Он проводил Котю Оболенского на войну. В полном солдатском обмундировании, стоя около вагона, заметаемый колющим, режущим снегом, с вещмешком на плечах, Котя выглядел кургузо, нелепо, грустно, как обернутый в одеяло валенок — вечный воин России, исхлестанной военными вьюгами, вечный солдат, идущий сражаться невесть за что. Поди туда, не знаю куда, принеси то, не знаю что. Котя глядел на Митю ободряюще; под глазами у Коти мерцали черно-синие круги — он плохо спал ночами, не совсем оправился от отравленья — сильно он испортил себе кровь. Митя глядел на него и думал: он едет умирать, он едет под пули и разрывы, под уханья базук, — а я?.. Куда поеду я?.. Покупать поместье на Ривьере?.. Они обнялись. Проводница толкнула Котю в бок кулаком. В другом кулаке у нее мотался фонарь. Ей в лицо бил снег, она отирала его рукавом. “Давайте, прощайтесь скорее!.. Зеленый уже дали!..” Котя задом влез в вагон, все смотрел на Митю, смотрел долго, пронизывающе, бесслезно.

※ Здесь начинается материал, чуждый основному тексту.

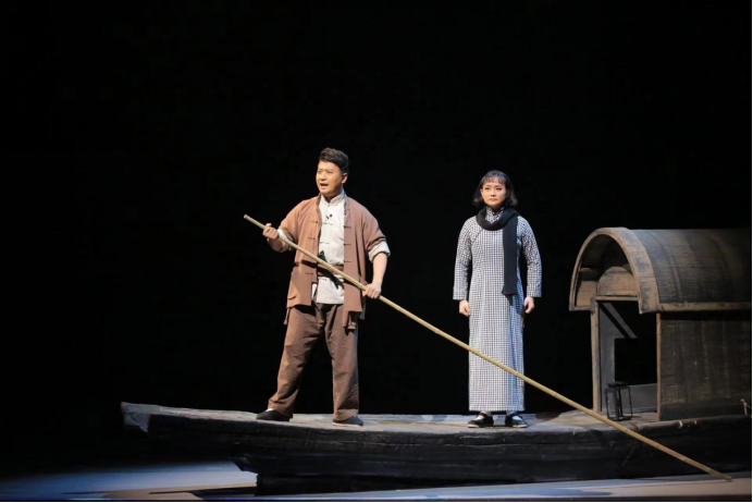 当然,戏剧舞台上小人物小角色的叙写也很重要,将其写好可丰满大人物的形象塑造,也能促进剧情的互动发展。第六场,“示警拖敌”是全剧的情感高潮戏,洪大娘由省艺术研究院的徐欣扮演,她曾在获得国家艺术基金资助项目歌剧《爱莲说》中饰演女二号。在此剧中她饰演老旦,一个满脸皱纹、头发斑白的六十多岁老妪,革命的老太太,当叛徒带着矿警埋伏在她家外面,为了告诉即将前来开会的洪雁、宋乔生们,万般无奈,她毅然点燃了自家的茅草屋,更为了拖住敌人,她用自己的身体葡伏在地,死死抱住对方的腿,壮烈牺牲。这一场戏份相对比较饱满,宋乔生、洪雁的深情缅怀,使该剧的情感戏部分达到高潮。
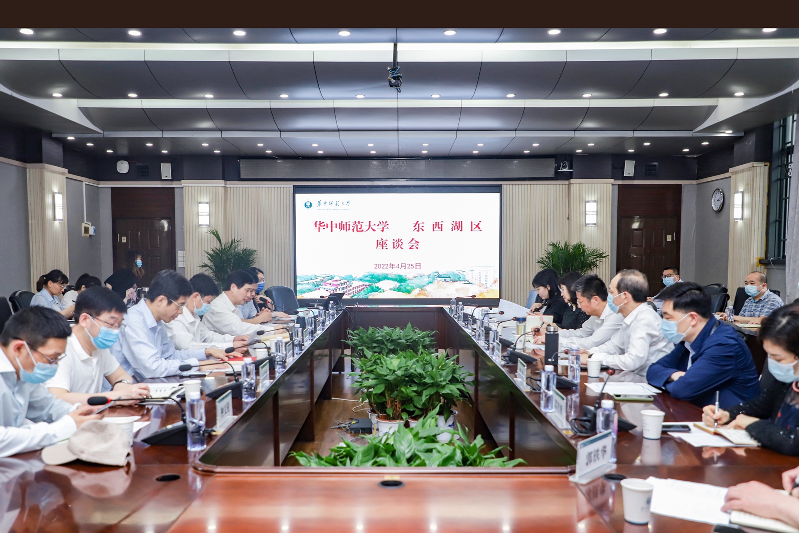 华大在线讯(见习记者 张严溢)4月25日,武汉市东西湖区委书记彭涛、武汉市教育局党委书记李超等一行来访我校,与校党委书记赵凌云、副校长任友洲在行政楼一楼会议室,就校地合作等相关事宜进行座谈。任友洲主持座谈会。

Эмиль проводил время в перелетах между Москвой, Нью-Йорком и Парижем. Французики согласились на его условия; Парижский клуб пошел на то, чтоб отсрочить России долги почти на двадцать лет. Жаль, конечно, что Россия вступила в Парижский клуб на правах кредитора. Он один, Эмиль Дьяконов, не мог исправить эту ошибку. Но он все же добился того, чтобы кредиты были засчитаны по официальному курсу Госбанка и военные кредиты тоже были учтены. Париж уменьшил активы России втрое, и в Парижский клуб мы пришли с долгом уже не в сто шестьдесят миллиардов долларов, а всего с пятьюдесятью миллиардами. О, добрая Россия. Опять кому-то дарит, все дарит и дарит деньги. И он, Эмиль должен изыскивать пути, чтоб не только отдавать, но и возвращать. Эти страны третьего мира нам должны столько, что… не отдадут никогда… а мы сами возьмем; только другой рукой, и из другого кармана. А идет война, и Чечня требует крови, людей, оружья, — денег, денег, денег. Поэтому война не закончится враз. Это долгая, тоскливая песня. На долгие годы. Самое страшное, что может быть, — Запад обозлится, науськанный Исламом, и чьи-то руки, чьи-то нервные пальцы будут искать замочки ядерного чемоданчика.